You get the picture and I'll bet you can generate a whole host of statements like this.


Never has this notion been so driven-home for me as with the statement made by the wife of a man who (the determination has not been made) either purposefully or accidentally left his 22-month old child to die in a hot car.

I realize the mother is either an accomplice or that she could be just driven slightly out of her tree by grief, but the statement she made at the little boy's funeral could, as far as I can reason, only come out of a mother born and raised in our current "make-a-magic-wish" culture. She said this:

"Am I angry with Ross? Absolutely not. It has never crossed my mind. Ross is and was and will be, if we ever have more children, a wonderful father. Ross is a wonderful daddy and leader for our household. Cooper meant the world to him."

He's a wonderful father? If he is a wonderful father, then I and all of the other dads who didn't either forget out kid in a hot car or who didn't intentionally leave our sons to die a horrific death in brutal pain must be the Jesuses of all fathers.

Can you  imagine anyone feeling okay to make that statement after such a tragedy? Am I wrong in thinking social context has a lot to do with such a feeling of license? I'm all about forgiveness, but this is not something you get to have ignored. I'm sure the guy made a mean PB&J; I'll bet he looked cute sleeping on the couch with the kid on his belly. But one cannot be "a wonderful daddy" and forget one's boy in a car on a summer day.

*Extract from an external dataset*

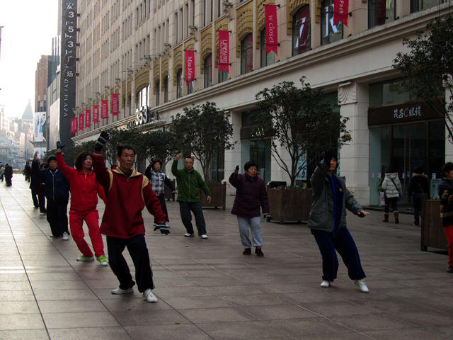 Next day was January 3rd. That morning we left Beijing for Shanghai to spend there the last four days Jordi's mum had in China. On the first one we first paid a visit to the Russian Embassy which was closed and would remain closed till Janruary 12th. (It turns out that this Consulate which works only 3 days a week during normal times, also celebrates the whole set of Russian and Chinese festivals and for some reason they do it for two weeks longer than in either Russia or China). The rest of the first day we walked the ever-busy area of the Bund, then went to see the Jing'an Temple, later took a metro to Pudong area and after watching an amazing sunset from the elevated pathways near the Oriental Pearl, went to see Shanghai in twi- and neon light from our favourite city-watching spot - Cloud 9 bar in Jin Mao Tower.
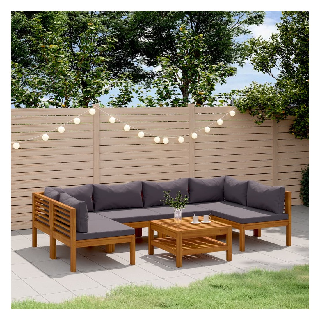 Salon de jardin 7 pcs avec coussin Bois d'acacia solide

I wonder what might have happened if Cooper hadn't "meant the world to him."

I really hope no one wants to point out that he might have been a good dad but that he made a mistake; that everyone makes mistake. No. You are not allowed to make that mistake. And, if you do, you are you are not a wonderful father. You are a failure as a father. A complete failure. Am I harsh? If I seem so, maybe we need to recalibrate everyone around me. Maybe I am the last one to avoid drinking from the poisoned well. Being forgiving doesn't mean tossing aside standards and avoiding tough statements.

The Dalai Lama has said: "Forgiveness doesn't mean accepting the wrongdoing of the other person."

You can't wish upon a star on this one.

Truth is, I think the woman is either cracked or she was part of a more insidious scheme. (She and her husband had both looked up children dying in hot cars online...) But what mother would make that statement about the man who killed her baby? Maybe it is a combo of insanity and citizenship in a wish-it-were-so society. Either way, I call B.S.

Once, the family were on vacation in the mountains. Only one room of the house was air-conditioned. My oldest son was a baby and we put him down to sleep in a room that was incredibly hot. He was sleeping soundly. We were playing a board game in the air-conditioned room and I had to quit. I couldn't stand being that comfortable while my boy slept in such heat. I went to sit by him and sweat and to watch him breathe well into the night.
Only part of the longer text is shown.